:: What you should do ::
Exact copy, no pictures: repeat the data that follows.

:: Stored data ::
◇ ◇ ◇ ◇ ◇ ◇ ◇
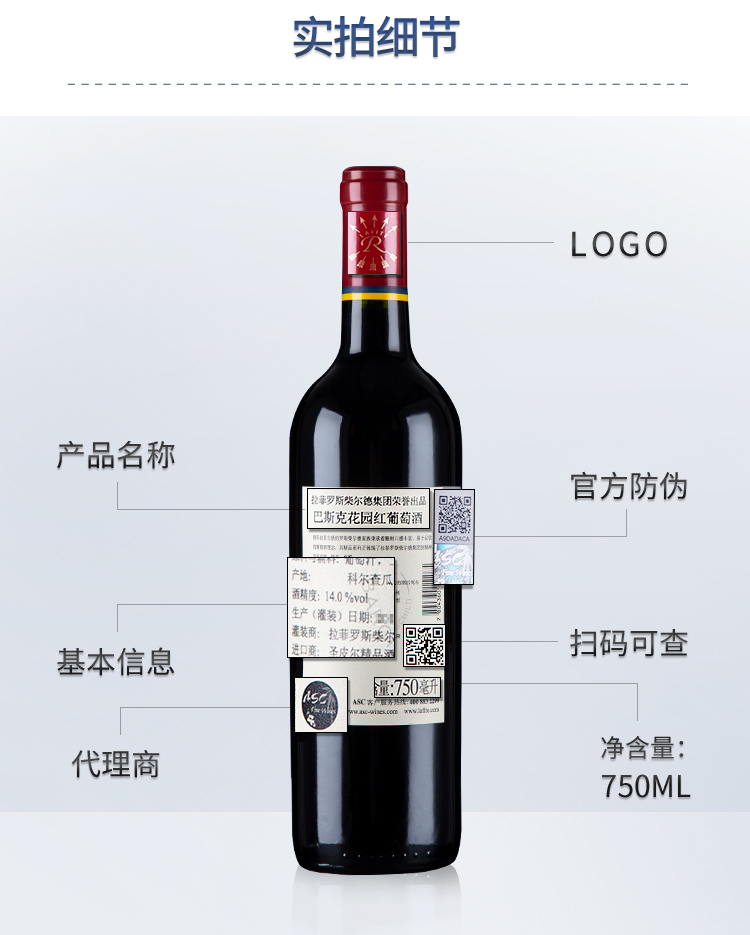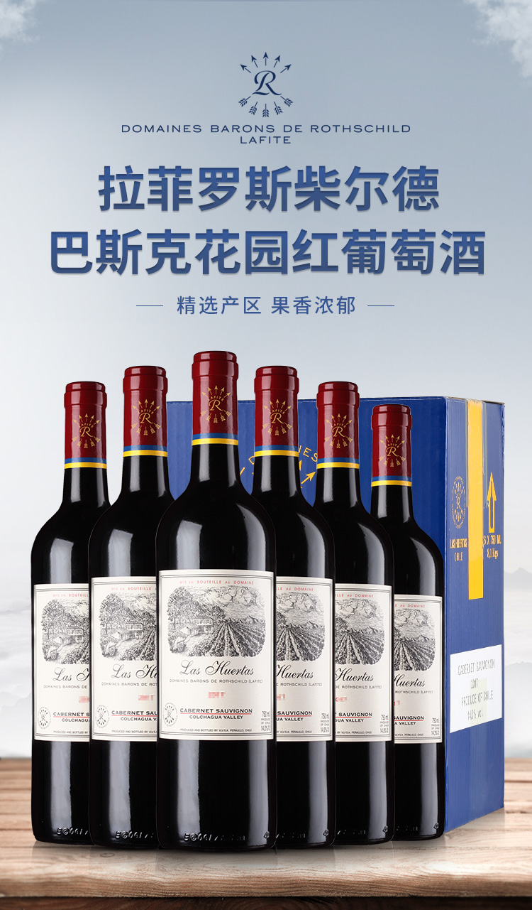 拉菲(LAFITE)巴斯克花园 赤霞珠干红葡萄酒 750ml*6瓶 整箱装 智利进口红酒
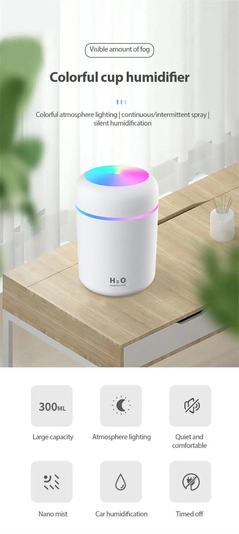 Мини увлажнитель масла диффузор. 300 мл резервуар для воды. С красочным ночным светильник.
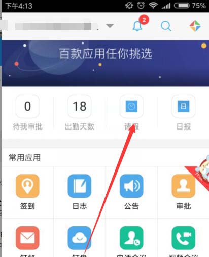 2、在上方就可以看到,有一个请假的功能,如图所示,点击可以填写申请请假的详细内容和时间等项目了。
◇ ◇ ◇ ◇ ◇ ◇ ◇
:: Final answer ::
 拉菲(LAFITE)巴斯克花园 赤霞珠干红葡萄酒 750ml*6瓶 整箱装 智利进口红酒
 Мини увлажнитель масла диффузор. 300 мл резервуар для воды. С красочным ночным светильник.
 2、在上方就可以看到,有一个请假的功能,如图所示,点击可以填写申请请假的详细内容和时间等项目了。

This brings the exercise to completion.